- Dataset excerpt:
=== Begin Enclosure ===
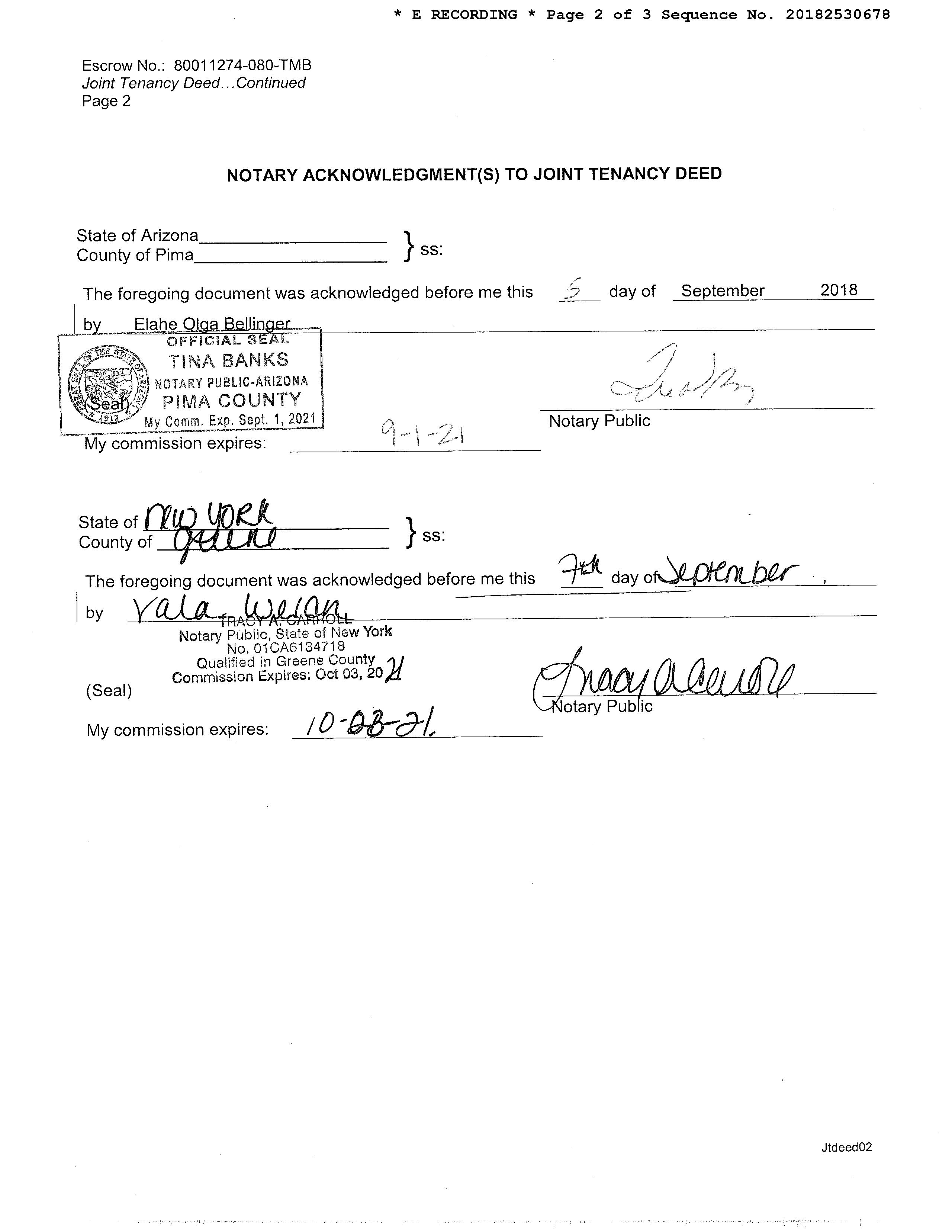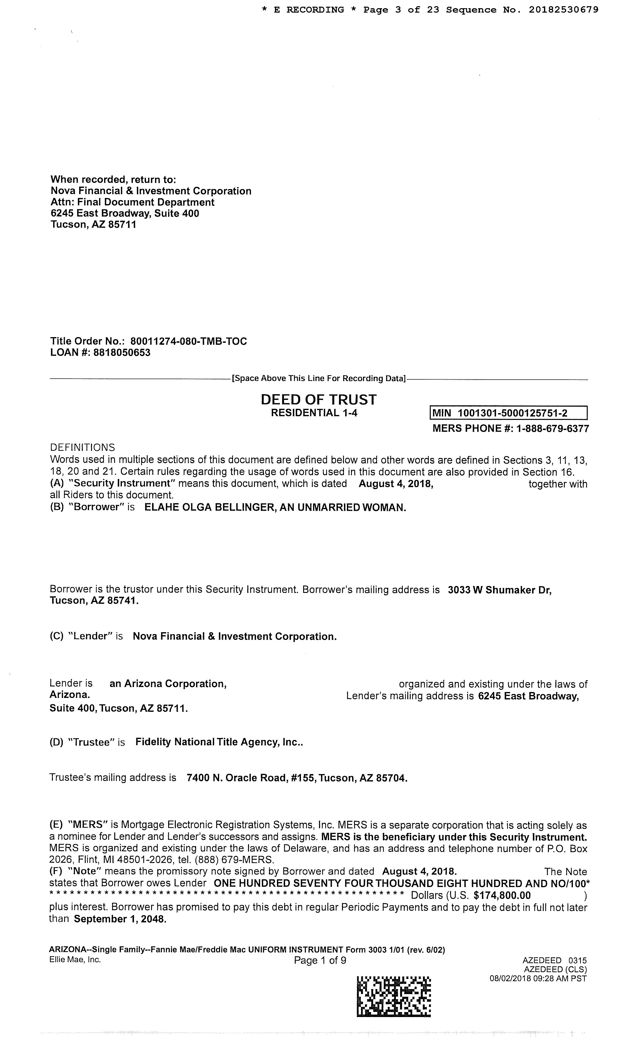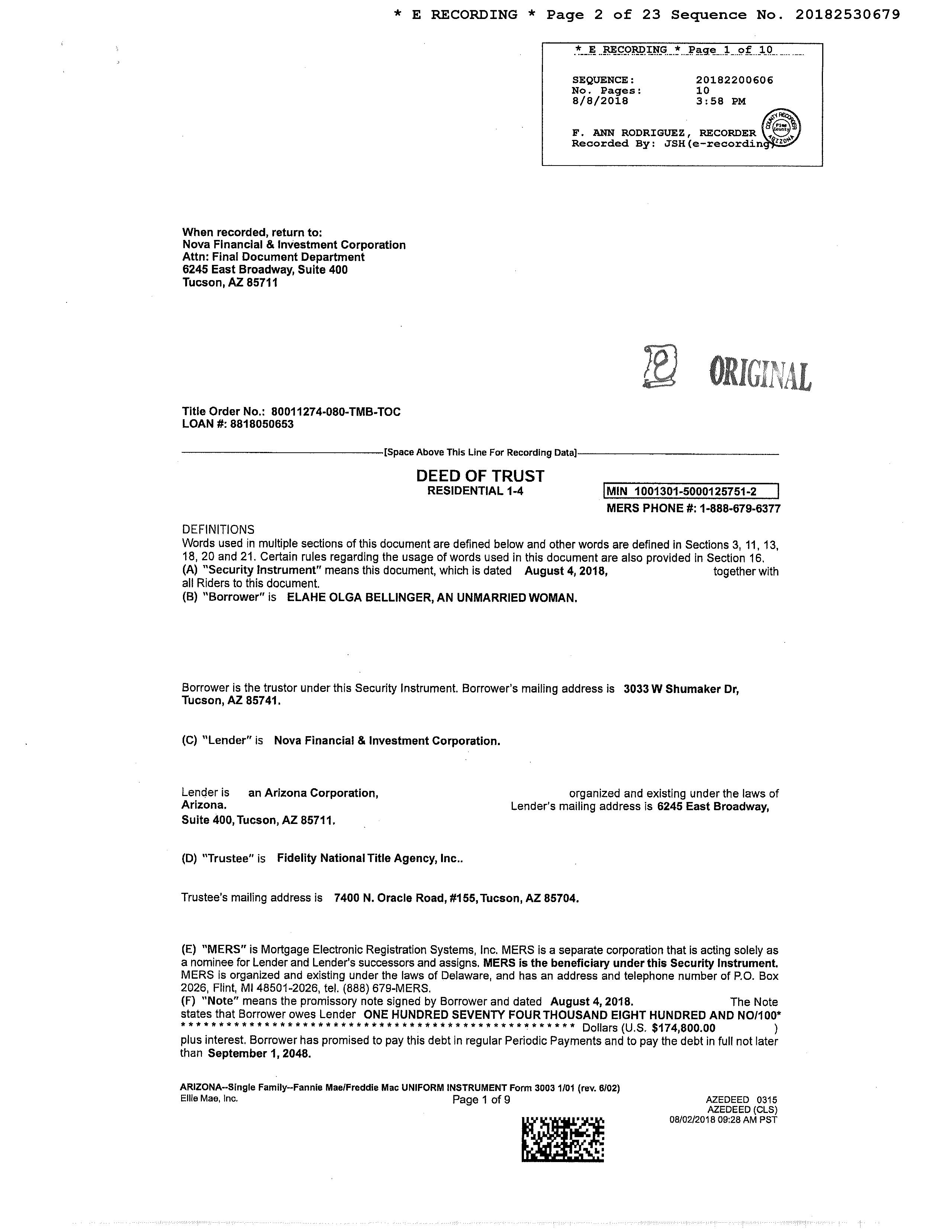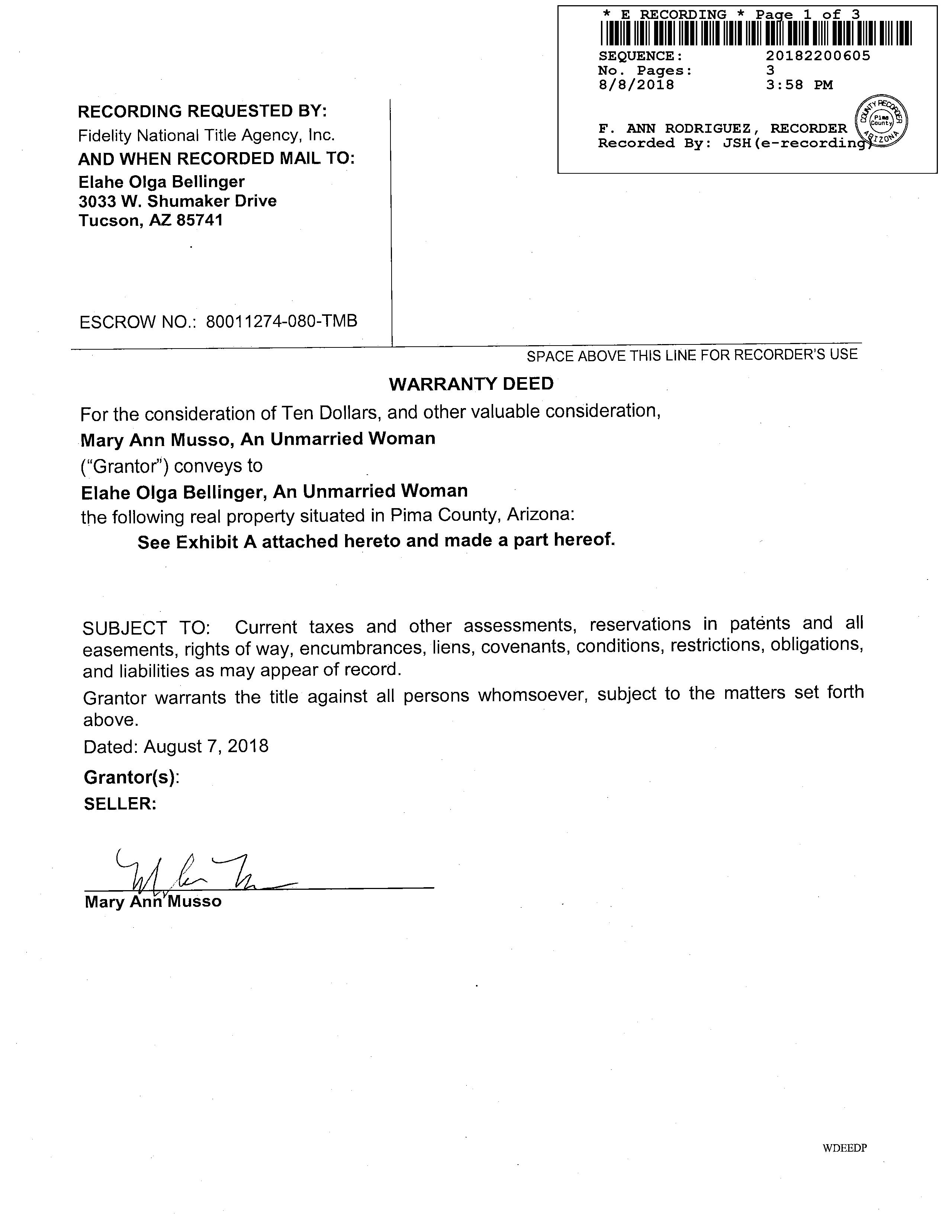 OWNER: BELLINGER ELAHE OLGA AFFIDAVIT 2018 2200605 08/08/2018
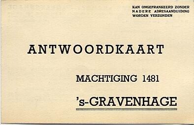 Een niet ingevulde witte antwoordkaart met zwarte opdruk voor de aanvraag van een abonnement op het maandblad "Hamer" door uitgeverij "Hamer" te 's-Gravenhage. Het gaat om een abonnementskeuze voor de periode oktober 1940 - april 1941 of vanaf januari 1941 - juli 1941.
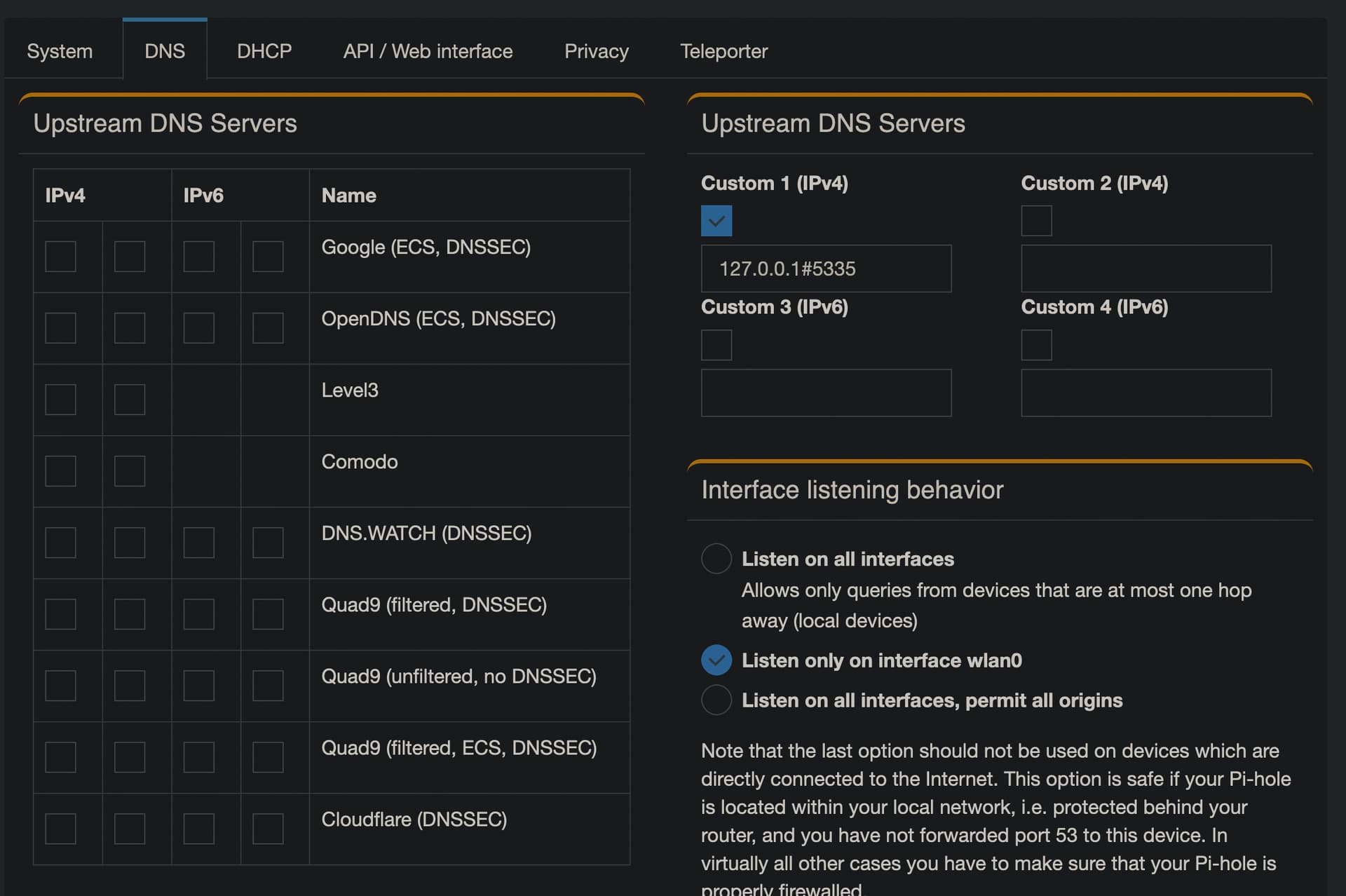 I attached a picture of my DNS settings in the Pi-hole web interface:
=== End Enclosure ===
- Exercise goal:
Restate the listing above word for word and skip each picture.

- Solution to this exercise:
 OWNER: BELLINGER ELAHE OLGA AFFIDAVIT 2018 2200605 08/08/2018
 Een niet ingevulde witte antwoordkaart met zwarte opdruk voor de aanvraag van een abonnement op het maandblad "Hamer" door uitgeverij "Hamer" te 's-Gravenhage. Het gaat om een abonnementskeuze voor de periode oktober 1940 - april 1941 of vanaf januari 1941 - juli 1941.
 I attached a picture of my DNS settings in the Pi-hole web interface:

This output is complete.